„Jugend debattiert“ : Lia Jörissen argumentiert besonders gut
Wassenberg NRW wird in Berlin bei „Jugend debattiert“ von einer Schülerin aus Wassenberg vertreten. Eine prima Chance, mit Vorurteilen aufzuräumen, sagt sie.
So ganz kann Lia Jörissen es immer noch nicht glauben, auch wenn jetzt schon ein paar Tage vergangen sind, auch wenn es schwarz auf weiß auf der Urkunde steht: Sie hat überzeugt, ihre Argumente am besten vorgetragen, jetzt darf sie das Land Nordrhein-Westfalen bei dem Bundesfinale des Schulwettbewerbs „Jugend debattiert“ in Berlin vertreten. Dabei hat sie am Anfang noch ein wenig gehadert. Konnte sie wirklich Argumente dafür finden, dass Alkohol für Jugendliche ab 16 erlaubt bleiben soll? Ist Alkohol nicht viel zu schädlich? Sollten Minderjährige nicht besser geschützt werden?
Aber sie hatte zehn Tage Zeit, sich damit auseinanderzusetzen. Alle, die an dem seit 21 Jahren stattfindenden Wettbewerb teilnehmen, bekommen rechtzeitig die Themen, über die diskutiert werden sollen, zugeschickt. Allerdings ist vorher noch nicht klar, welche Position man einnimmt: Pro oder Contra? Also müssen für beide Seiten Argumente gesammelt werden.

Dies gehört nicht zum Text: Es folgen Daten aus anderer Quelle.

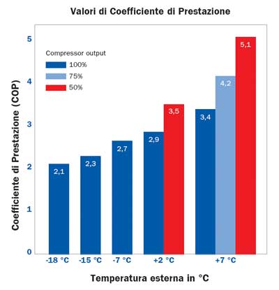 Abbiamo visto sopra come nel corso del suo funzionamento, la pompa di calore: consuma energia elettrica nel compressore; assorbe calore nell’evaporatore, dal mezzo circostante, che può essere aria o acqua; cede calore al mezzo da riscaldare nel condensatore (aria o acqua). Il vantaggio di una pompa di calore deriva dalla sua capacità di fornire più energia di quella elettrica impiegata per il suo funzionamento in quanto estrae calore dall’ambiente esterno (aria - acqua). L’efficienza di una pompa di calore è misurata dal coefficiente di prestazione C.O.P. (Coefficient Of Performance) che esprime il rapporto tra energia fornita ed energia elettrica consumata. Il C.O.P. è variabile a seconda del tipo di pompa di calore e delle condizioni di funzionamento ed ha, in genere, valori prossimi a 3-4, ovvero per 1 kWh di energia elettrica consumato, fornirà 3kW (2580 kcal) di calore al mezzo da riscaldare. Il C.O.P. sarà tanto maggiore quanto più bassa è la temperatura a cui il calore viene ceduto (nel condensatore) e quanto più alta quella della sorgente da cui viene assorbito (nell’evaporatore). Al di sotto di una temperatura compresa tra -2°C e 2°C la pompa di calore si disattiva in quanto le sue prestazioni si ridurrebbero significativamente. Va tenuto conto inoltre che la potenza termica resa dalla pompa di calore dipende dalla temperatura a cui la stessa assorbe calore.

Lia ist 15 Jahre alt. Sie hat noch keine Erfahrung mit Alkohol, sagt sie. Also hat sie mit ihrer 18-jährigen Schwester diskutiert. „Sie konnte mir gut erklären, welche Auswirkungen ein solches Verbot zum Beispiel auf Clubbesuche haben würde.“ Auch ihre Klasse, die Amsterdamklasse 10.5 der Wassenberger Betty-Reis-Gesamtschule, hatte sie eingespannt und zu einer Probediskussion überredet. „Das hat mir sehr geholfen“, erzählt Lia, „Ich finde es immer interessant, mir verschiedene Standpunkte anzuhören. In der Diskussion muss ich dann Anwältin der Sache sein.“ Erst als sie am letzten Schultag vor den Ferien im großen Plenarsaal des Düsseldorfer Landtages stand, erfuhr sie, dass sie wirklich die Contra-Seite bei der Frage „Soll Alkohol für Jugendliche unter 18 Jahren verboten werden?“ einnehmen musste.
Bevor sie dort im Landtag stand, hat Lia Anfang des Jahres als Vertreterin ihres Deutschkurses den Schulwettbewerb gewonnen. Als Schulsiegerin reiste sie im März nach Aachen und traf dort im Regionalwettbewerb auf die Siegerinnen und Sieger der anderen Schulen aus dem Raum Aachen/Heinsberg. Als eine der vier besten gewann sie zum Abschluss des Regionalwettbewerbes die öffentliche Finaldebatte am ausrichtenden Aachener Anne-Frank-Gymnasium und qualifizierte sich so für das Landesfinale NRW. In Oberhausen traf Lia auf die Regionalsieger und Siegerinnen aus 15 weiteren Regionalverbünden und war erneut unter den vier besten.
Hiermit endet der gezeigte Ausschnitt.